At the same moment in history, opportunities for research grew rapidly with expansion of the review and support role of the National Institutes of Health and of its new National Heart Institute. At this time, Keys’s match-up with great clinicians completed the picture — such leaders as Paul Dudley White of Boston, Vittorio Puddu of Rome, Noboru Kimura of Japan, John Brock of Capetown, Martti Karvonen of Helsinki, and Christ Aravanis of Athens. All saw beyond the clinic and beyond the individual patient to the origins of common diseases in the population and in society.

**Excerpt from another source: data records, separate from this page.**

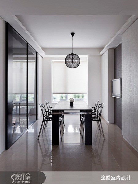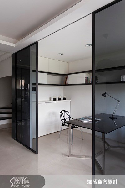 本案為70坪、3層樓的獨棟別墅,家庭成員有屋主夫妻與2個小孩。一樓玄關右側設計師以灰鏡作為鞋櫃門片,鏡面效果映射出加倍景深。玄關左側則為格柵隔屏,利用垂直線條區分內外。客廳的電視主牆以橡木染黑為主題,延續玄關鞋櫃設計手法,採懸浮式搭配間接光源。黑色的線條與白色壁面形成強烈的對比且視覺上延伸空間感。淨白的沙發背牆包覆掉原結構的柱體及電箱,並利用其深度作為收納。樓梯扶手設計以鐵件搭配玻璃,拉出線與面的極簡藝術造型。二樓公共空間以餐廳為核心,利用大面灰色玻璃拉門為介面,劃分廚房、書房與餐廳,形成各自獨立與密切互動的關係。主臥藉由中性色彩、浮雕橡木地板、窗紗等元素,帶來溫潤柔化效果。三樓更衣室分門別類的機能設計,猶如服飾店展示規格,收納性能強大且一目了然。主臥更衣室與浴室保留充足的自然採光,利用清玻璃區分空間,化妝檯及浴櫃一氣喝成的線條並運用石材、鏡面鋼烤延續黑白色系設計語彙,讓衛浴空間格外敞亮舒適。房屋格局:玄關、開放式廚房、餐廳、客廳、起居兼書房、四房兩衛、工作陽台。主要建材:噴砂橡木染色、鐵件烤漆、灰鏡、黑玻璃、烤漆玻璃、浮雕橡木地板、印度黑石材。
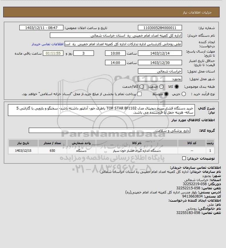 | 1 | -- | دستگاه اندازه گیری فشار خون سیار | دستگاه | 650 | 1403/12/15 |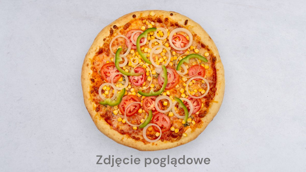 Sos pomidorowy, ser, oregano, pieczarki, cebula, oliwki, papryka, brokuł, kukurydza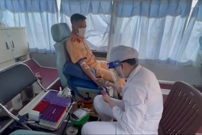 | Thiếu tá Nguyễn Việt Khởi, Phó Đội trưởng Đội đăng ký, Phòng CSGT đường bộ đường sắt Công an TP Cần Thơ hiến máu cứu người. |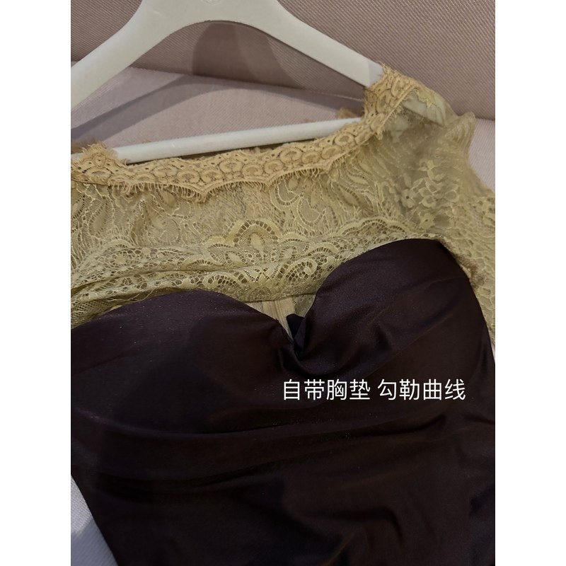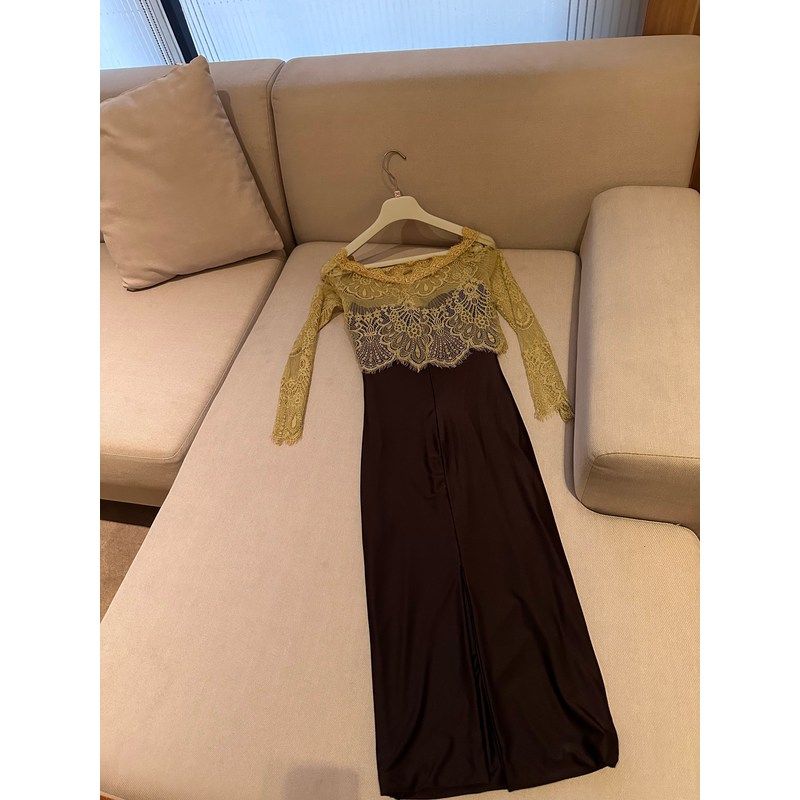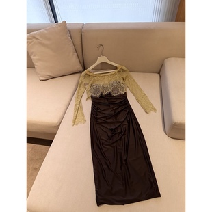 孙智慧「 巴伐利亚风情 连衣裙 」裸肩一字领蕾丝拼接长袖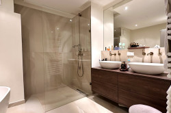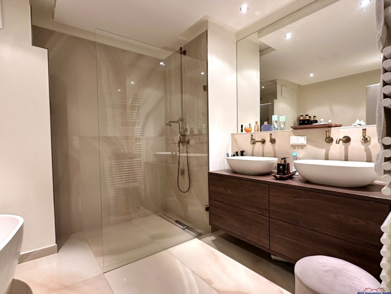 - Elegantes Badezimmer: elektr. Fußbodenheizung, Freistehende Mineralgussbadewanne, Doppelwaschbecken, Walk-in-Dusche, Handtuchtrockner, großflächige Feinsteinzeugfliesen

Keys’s leadership was also crucial to the formulation of ideas into grant proposals, and over the years of the study, to synthesis and preparation of the study’s major monographs. All these attributes and practices were in the best “Old School” tradition. Nowadays, academic practice, at least in epidemiology, is perhaps more conducive to true collaboration, with greater sharing of ideas, responsibilities, publications, and credits. But, just as in the families of old, the patriarch of the Seven Countries Study, Ancel Keys, provided priceless experience, superb careers, and a model of excellence for his fortunate colleagues.

Public health implications

The major result of the Seven Countries Study has been strengthening of the concept of population causes and mass phenomena involved in the genesis of coronary disease, hypertension and stroke. It has contributed to the powerful idea that we are dealing with mass cultural phenomena influencing already widespread individual susceptibility, resulting, where environments are unfavorable, in heavy population rates of disease. This concept has played a central role in the wider population strategy of prevention and health promotion, complementing the traditional medical strategy among high risk individuals. It has stimulated research on population causes, and on community-wide preventive strategies, which now characterize much ongoing research in the epidemiology and prevention of heart and blood vessel diseases. It has provided a sound scientific basis for public health policy on prevention.

For details of the study, I refer you to its major publications, and to my memoir about adventures in the field, On the Trail of Heart Attacks in Seven Countries.